Leral.net - Sénégal
leral.net | S'informer en temps réel
Société

Guet Ndar, le quartier où la vie s'accorde au rythme des pirogues

Reportage à Saint-Louis, entre fleuve et océan, sur le quotidien des familles de pêcheurs

Rédigé par leral.net le Dimanche 6 Septembre 2026 à 14:04 | | 0 commentaire(s)|

Coincé entre le fleuve Sénégal et l'océan Atlantique, le quartier de Guet Ndar à Saint-Louis s'éveille chaque matin au bruit des moteurs de pirogues et des filets qu'on remonte. Un mode de vie transmis de génération en génération, où la mer façonne les corps, les métiers et les liens familiaux.

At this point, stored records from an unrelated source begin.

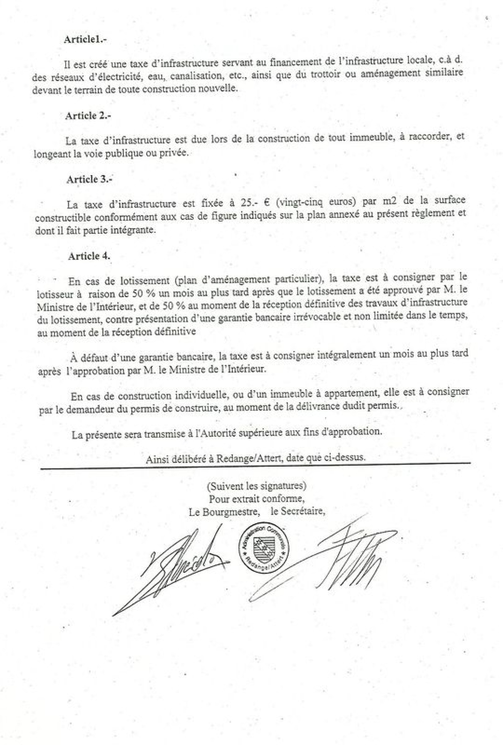 La taxe d’infrastructure est fixée à 25.- € (vingt-cinq euros) par m2 de la surface constructible conformément aux cas de figure indiqués sur le plan annexé au présent règlement et dont il fait partie intégrante.
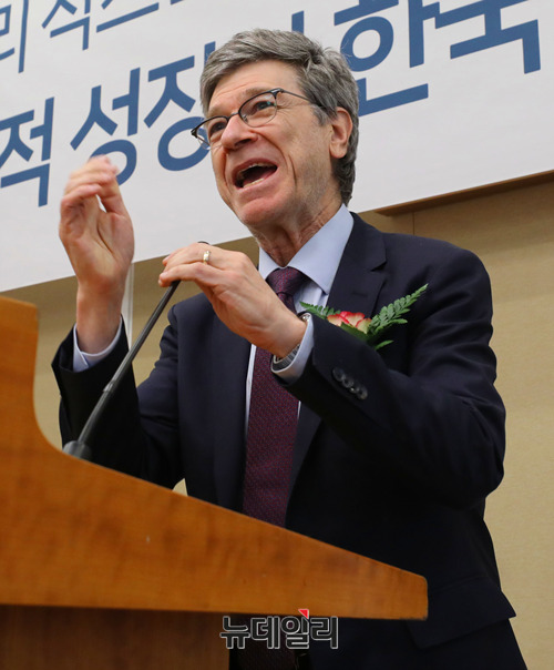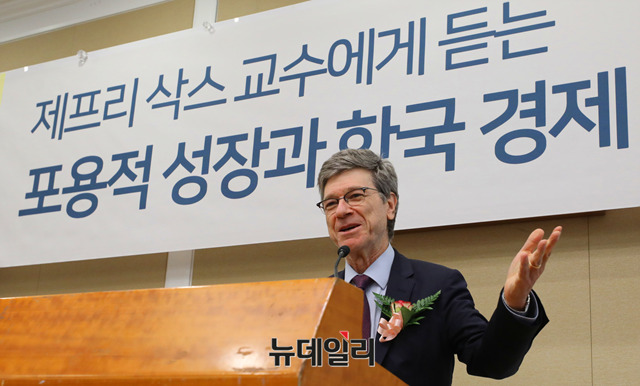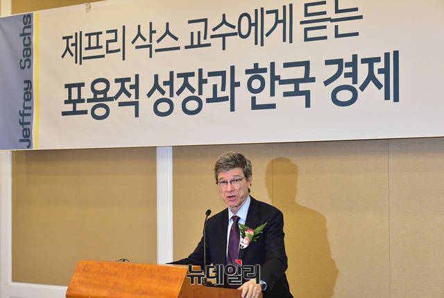 제프리 삭스 미국 컬럼비아대 경제학 교수가 28일 오후 국회 귀빈식당에서 '포용적 성장과 한국경제'를 주제로 강연하고 있다.
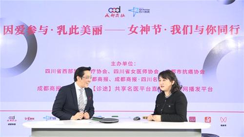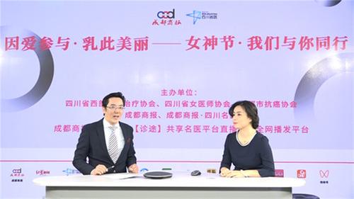 3月7日下午,在成都商報演播廳,來自四川大學(xué)華西醫(yī)院腫瘤中心的主任醫(yī)師鄒立群、四川省腫瘤醫(yī)院乳腺外科中心的副主任醫(yī)師田超、四川省人民醫(yī)院乳腺科的副主任醫(yī)師羅靜以及成都市第三人民醫(yī)院乳腺甲狀腺外科的主任吳劍,正在通過線上直播的模式來為廣大女性同胞科普兩癌的相關(guān)知識。

À Saint-Louis, le quartier de Guet Ndar occupe une position singulière, resserré entre le fleuve Sénégal et l'océan Atlantique. Ici, la journée ne commence pas avec un réveil mais avec un bruit familier : celui des moteurs de pirogues qui démarrent, des filets qu'on manipule sur le sable et des voix des femmes déjà postées sur la berge, en attente des prises du jour.
Ce ballet matinal n'a rien d'improvisé. Il obéit à un ordre ancien, transmis de génération en génération, où chacun connaît sa place et son rôle. Les hommes prennent la mer avant l'aube, les femmes organisent la réception et la vente du poisson à quai, et les enfants grandissent en observant ce cycle qui rythme toute l'existence du quartier.
Une identité forgée par la mer et le fleuve Depuis des décennies, sinon des siècles, la pêche façonne les familles de Guet Ndar. Ce n'est pas seulement un métier, c'est une manière d'être, un caractère forgé par les sorties en mer, les incertitudes du métier et la dépendance aux éléments naturels. Le fleuve d'un côté, l'océan de l'autre : cette double présence de l'eau structure l'espace du quartier et, avec lui, l'organisation sociale de ses habitants.
Les familles de pêcheurs se transmettent les savoir-faire liés à la construction et à l'entretien des pirogues, à la lecture des courants, aux techniques de filet adaptées aux saisons. Ces connaissances, souvent orales, circulent de père en fils, mais aussi entre pairs, sur les quais où se croisent plusieurs générations de marins-pêcheurs.
Le quotidien rythmé par les allées et venues des pirogues Le retour des pirogues, plus tard dans la journée, constitue un autre moment fort de la vie de Guet Ndar. C'est l'instant où se mesure le fruit du travail, où les femmes s'activent pour la vente ou la transformation du poisson, et où se dessine l'équilibre économique de nombreux foyers du quartier.
Cette activité, si elle nourrit les familles depuis des générations, s'inscrit aussi dans un contexte plus large propre aux quartiers de pêcheurs sénégalais, où la mer reste à la fois une ressource vitale et une source d'incertitude, tributaire des saisons, des conditions climatiques et de la disponibilité du poisson.
Un mode de vie transmis, un territoire façonné par l'eau Au-delà du travail quotidien, c'est toute une organisation sociale qui s'est bâtie autour de la pêche à Guet Ndar. Les liens de solidarité entre familles, les répartitions des tâches entre hommes et femmes, ainsi que les rites propres au métier de pêcheur composent un tissu social particulier, ancré dans ce territoire resserré entre fleuve et océan.
Ce premier volet d'un reportage en deux parties, publié par Le Soleil, pose les bases de cette immersion dans le quotidien de Guet Ndar, où la mer et le fleuve continuent, comme depuis des générations, de dicter le tempo de la vie du quartier.